When, for instance, a strip of zinc is placed in a copper sulfate solution, a thin layer of copper is formed upon the surface of the zinc. At first, this layer is black, and fairly non reflective. Once this layer becomes thicker, it becomes more reflective, taking on the characteristic coppery sheen. Do any Dopers know what causes this effect? I mean, why does adding a thin layer of reflective metal reduce the reflectivity of the metal, if that makes any sense.
-Oli
I may actually be talking right out of my butt here, but I seem to remember someone saying that (possibly only some) metals are not fully opaque to visible light. If this is true then it could be destructive interference between the top and bottom layer reflections.
I wish I had a good answer to this, but I can’t remember having seen the effect you describe. Shoulda looked closer in chemistry class.

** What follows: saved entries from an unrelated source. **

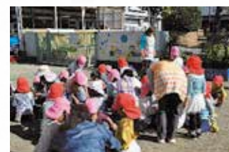
下落合団地保育園
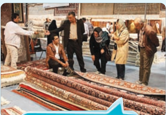
نوزدهمین نمایشگاه بین المللی فرش دستباف
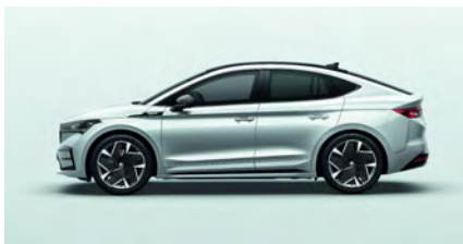
Biela Moon, metalická
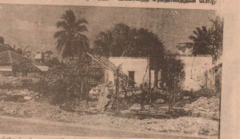
வல்லிவாழ்வுக் குறை அம்மன் கோவிலடியில் படையினரால் யுத்த காலத்தில் அழிக்கப்பட்ட வீடுகளையும், மீளவும் குடியிருக்க கல்வீடு கிருந்த இடத்தில் மணல் வீடு அமைக்கப்படுவதையும் படத்தில் காணலாம்.
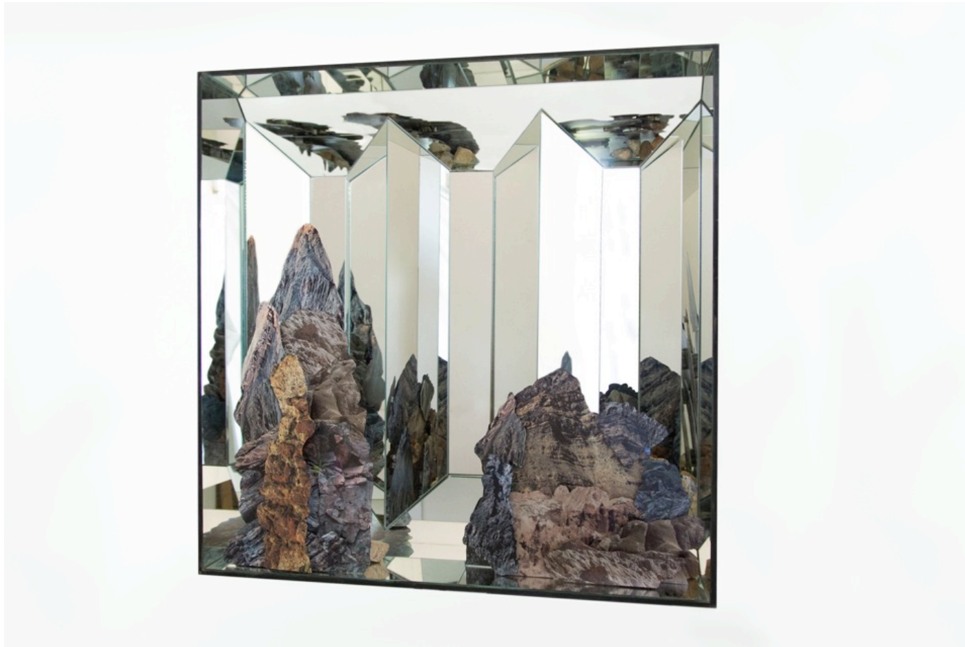
Paisaje Objetual II . Caja de espejos de 1 metro de largo x 1 metro de alto x 30 cm de ancho aprox. Impresiones fotográficas en pai. Piedras recolectadas de los paisajes fotografiados.

Exposición Paisaje Objetual , Sala Gasco Arte Contemporáneo. Santiago de Chile, 2016.
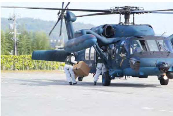
物資輸送活動① (能登町藤波台運動公園)
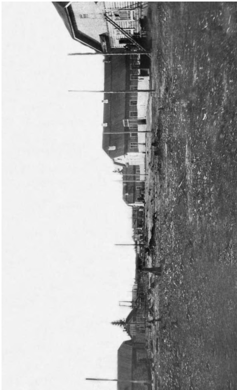
Первая улица Казымской культбазы. 1936 год.
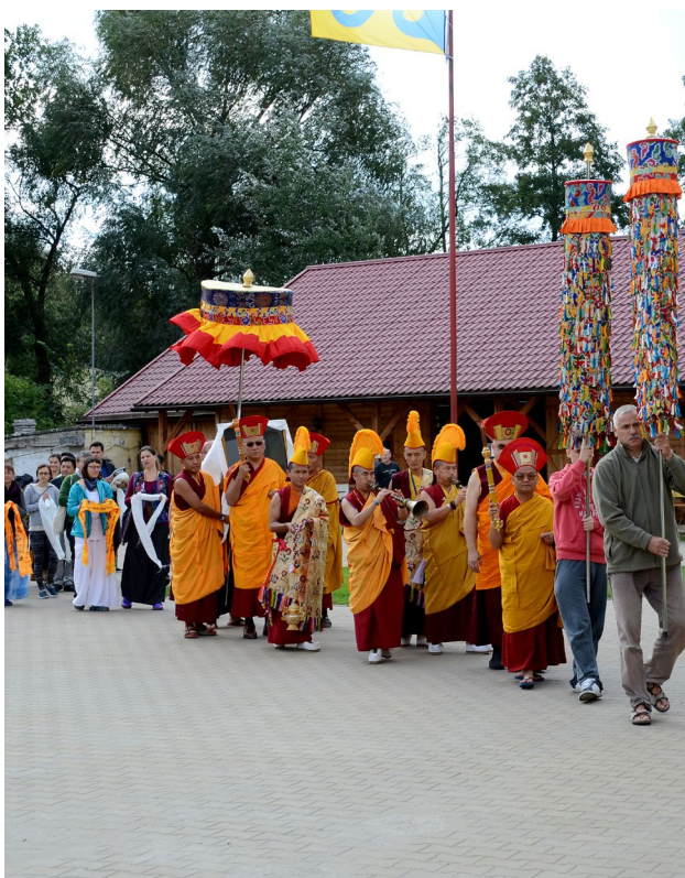
Wizyta Sangye Nyenpa Rinpochena w Warszawie we wrześniu 2015 roku.
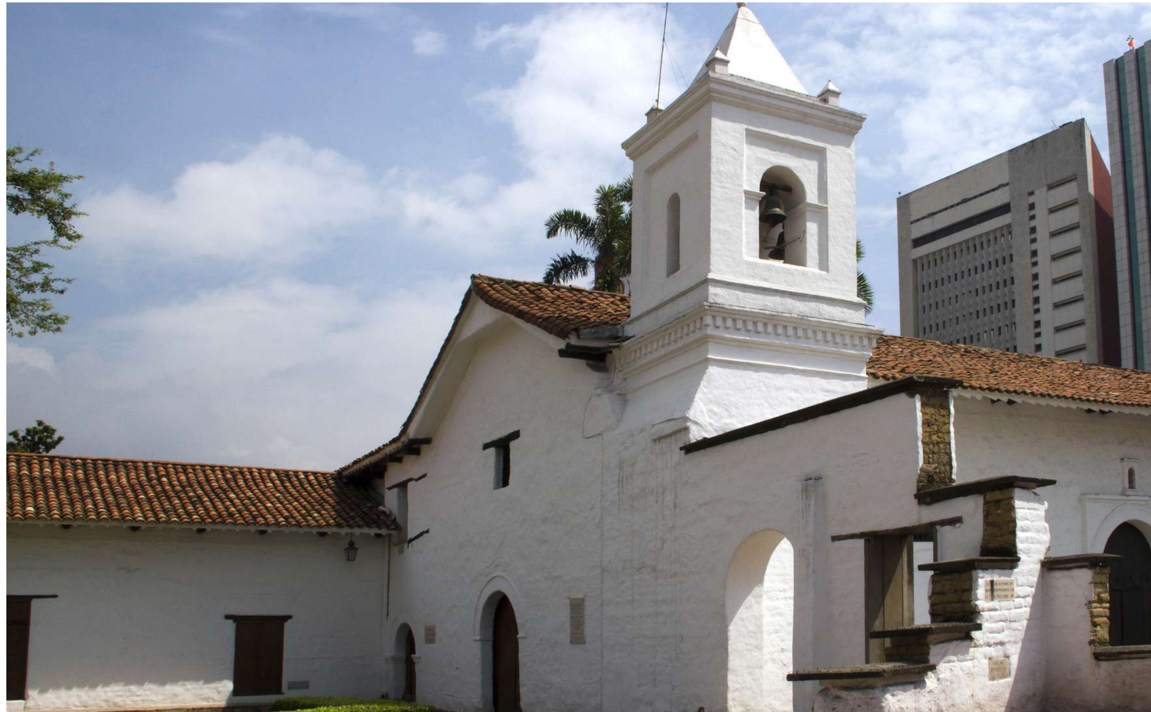
Iglesia de la Merced

In any event, the optics of thin films is complex, because you have to deal with the rays of light that pass through the sample to the underlying layer and reflect from what’s underneath, then come back. Yes, even metals are, in thin enough layers, transmissive. It’s just that with metals and visible light, those layers have to be very thin. Your replacement chemistry, however, is doing exactly that – making thin layers.

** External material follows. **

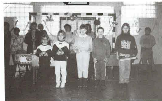
A jelmezbál díjazottai jelmez nélkül
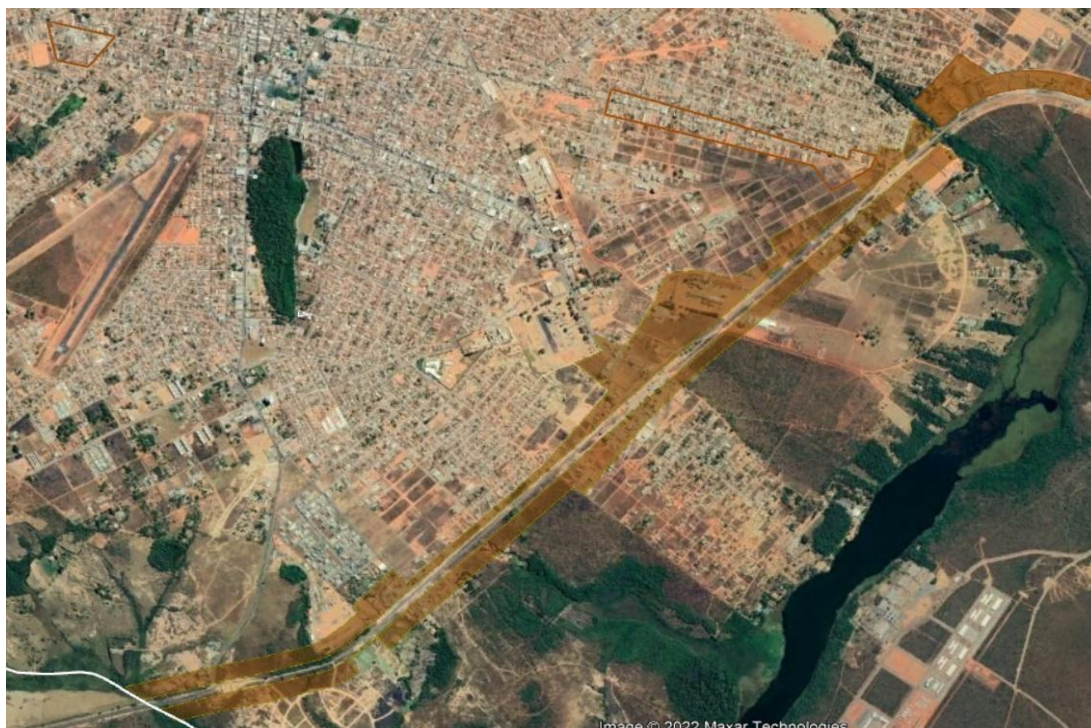
Imagem 1: Em marrom, a Zona de Interesse Logístico (ZIL) em vigor.

A thin uniform layer applied above a substrate can generate interference effects, if the path length difference is less than the coherence length of the light (which is really short for ordinary white light), and destructive interference between the front and back layers can make the part look dark. Thin film optics is an interesting and commercially important field. Usually one deals with dielectrics deposited on dielectrics. If you start using metals, then the equations become much more complicated, because your index of refraction becomes a complex number, with real and imaginary parts. It wouldn’y surprise me that it got darker.
If the above is true (thin film interference with a material having a complex index), then you’d expect the effect to go away as the copper got thicker – then virtually all of it gets either reflected or absorbed.
All of this is set out with more mathematical detail than you’d ever want in chaptert 13 of Born and Wolf’s Principles of Optics. Thet note that a discussion of the optics of thin metal films is in JOSA 37 451 and 38 483 (1947 and 1948, respectively). B&W, unfortunately, don’t give a word description of what this all looks like. rats.
Of course, I might be completely wrong. It might be that you’re putting down a layer of some zinc-copper alloy or weird compound at first that looks black, and that it all looks coppery when the pure copper starts coming out.
That would make sense, given the extremely thin nature of the layer of copper. However, even with such a thin layer, I should think the vast majority of the light should be reflected by the copper, and therefore the second reflection would be extremely faint, and the destructive inteference effect would be minimised. I must add, I know precisely nothing about this topic. It’s all speculation.
-Oli
Uh, that was in reply to the post under the OP.
-Oli
BTW, CalMeacham, really informative post. Do you have any links to info pages on refractive indices of metals etc.?
(OT: This forum is great. Its a heck of a lot more informative than other forums such as sciforums.)
-Oli
starman – not websites. I’m old school – I know which books you can find this in. The aforementioned Born and Wolf gives the real and imaginary parts for the refractive indices of 22 metals – but all based on data that’s typically about 100 years old. For copper, n = 0.62, and nk = 2.57 . For more up=to-date info, look up Palik’s three books Optical Properties of Solids.
You’re right about the high absorption quelling most interference. For most metals, say B&W, the penetration depth is less than 1/4 wave in the visible, and you want a 1/4 wave coating for destructive interference.
CalMeacham is right on to things.
Another source that is available at any Barnes and Nobel is QED by Richard Feynman. It would be a very good book to look at to understand exactly the mechanisms involved in this instance.
I don’t buy the interference theory. If it were interference, I’d expect only some colors to be absorbed, and others for which 1/4 wavelength isn’t the thickness of the copper to be reflected. Hence, I’d expect the strip to look colored, and further, change colors as the copper thickness changed. Similar to a sheen of oil on a puddle of water in a parking lot.
My WAG is that the Copper atoms right at the junction have to space themselves at the Zinc atom spacing, and that this spacing doesn’t match the spacing in bulk copper. This could make it difficult for current to flow at the surface, leading to wideband absorption of light.
The coefficients of reflection and transmission vary with frequency, but I think materials can reflect or transmit electromagnetic waves over almost the entire visible spectrum i.e. glass and mirrors. (The equation’s a bear and I’m too lazy to actually figure this out.)
If this true then when the thickness of the copper film is less than the skin depth you could very well get destructive interference, but as soon as the build up exceeds the skin depth you would then get reflection.
Conductors due to their free electrons quickly attenuate EM waves. For example the skin depth in copper for a microwave is about 10[sup]-4[/sup] mm.
Skin depth = the distance at which the amplitude of an em wave drops by e[sup]-1[/sup] of its value at the surface.
I wonder what the hell I’m talking about. Destructive interference only depends on the length of the light path through the material…and yet it still seems this effect must be caused by it. I’ll have to think about this.